■ GIVEN RECORDS
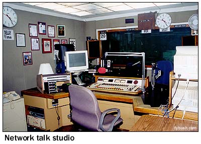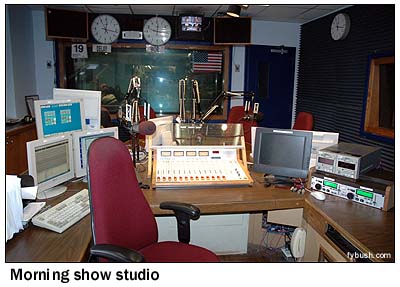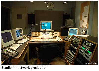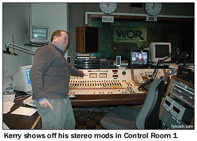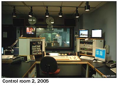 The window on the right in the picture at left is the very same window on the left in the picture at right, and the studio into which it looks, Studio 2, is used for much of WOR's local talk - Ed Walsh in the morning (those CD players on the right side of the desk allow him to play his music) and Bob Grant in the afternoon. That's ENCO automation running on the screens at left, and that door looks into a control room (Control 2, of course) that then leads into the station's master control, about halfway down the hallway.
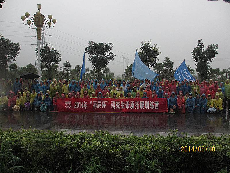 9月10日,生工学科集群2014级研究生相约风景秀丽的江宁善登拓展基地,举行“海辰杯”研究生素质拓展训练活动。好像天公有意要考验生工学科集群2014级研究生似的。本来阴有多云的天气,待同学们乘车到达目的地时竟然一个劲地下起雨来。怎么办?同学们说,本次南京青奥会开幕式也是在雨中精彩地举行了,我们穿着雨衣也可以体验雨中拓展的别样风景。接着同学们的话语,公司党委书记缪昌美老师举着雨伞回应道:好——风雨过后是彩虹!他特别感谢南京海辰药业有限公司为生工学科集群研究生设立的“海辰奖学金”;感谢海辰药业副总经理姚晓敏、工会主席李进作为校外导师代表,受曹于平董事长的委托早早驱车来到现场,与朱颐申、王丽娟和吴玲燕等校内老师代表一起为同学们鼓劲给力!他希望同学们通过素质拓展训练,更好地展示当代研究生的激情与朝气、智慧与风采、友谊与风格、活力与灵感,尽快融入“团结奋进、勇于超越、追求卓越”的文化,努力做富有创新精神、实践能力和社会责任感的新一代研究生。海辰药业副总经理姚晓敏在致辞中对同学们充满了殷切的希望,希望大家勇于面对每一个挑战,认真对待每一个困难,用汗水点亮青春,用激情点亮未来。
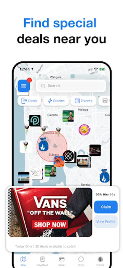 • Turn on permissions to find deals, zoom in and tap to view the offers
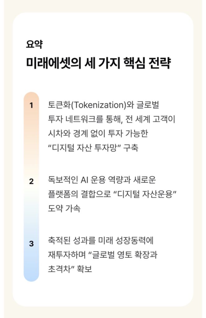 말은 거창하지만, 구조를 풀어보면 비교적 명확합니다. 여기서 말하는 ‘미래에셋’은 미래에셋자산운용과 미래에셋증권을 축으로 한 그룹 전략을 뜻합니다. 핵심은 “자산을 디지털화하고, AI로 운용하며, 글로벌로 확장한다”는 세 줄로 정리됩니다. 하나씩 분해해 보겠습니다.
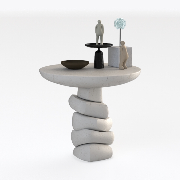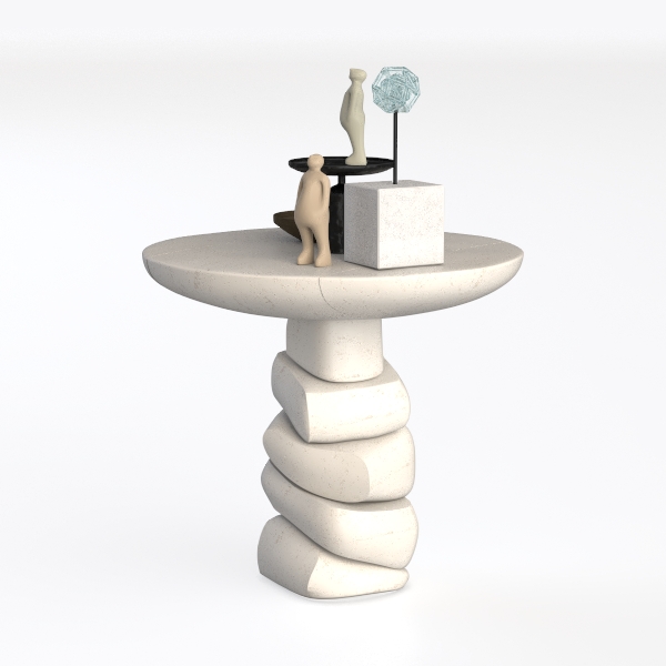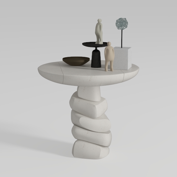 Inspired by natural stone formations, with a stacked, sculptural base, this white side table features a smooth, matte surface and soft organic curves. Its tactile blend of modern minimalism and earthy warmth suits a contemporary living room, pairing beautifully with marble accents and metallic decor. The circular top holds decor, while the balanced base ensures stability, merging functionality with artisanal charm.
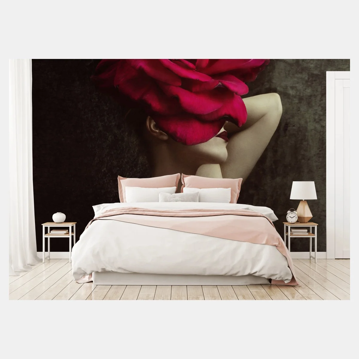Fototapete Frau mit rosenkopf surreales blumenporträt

■ WHAT IS EXPECTED
From the line that contains "view the offers" down to the last line of the material above, every line must be repeated exactly, with pictures removed and both end lines included.

■ EXERCISE RESPONSE
 • Turn on permissions to find deals, zoom in and tap to view the offers
 말은 거창하지만, 구조를 풀어보면 비교적 명확합니다. 여기서 말하는 ‘미래에셋’은 미래에셋자산운용과 미래에셋증권을 축으로 한 그룹 전략을 뜻합니다. 핵심은 “자산을 디지털화하고, AI로 운용하며, 글로벌로 확장한다”는 세 줄로 정리됩니다. 하나씩 분해해 보겠습니다.
 Inspired by natural stone formations, with a stacked, sculptural base, this white side table features a smooth, matte surface and soft organic curves. Its tactile blend of modern minimalism and earthy warmth suits a contemporary living room, pairing beautifully with marble accents and metallic decor. The circular top holds decor, while the balanced base ensures stability, merging functionality with artisanal charm.
Fototapete Frau mit rosenkopf surreales blumenporträt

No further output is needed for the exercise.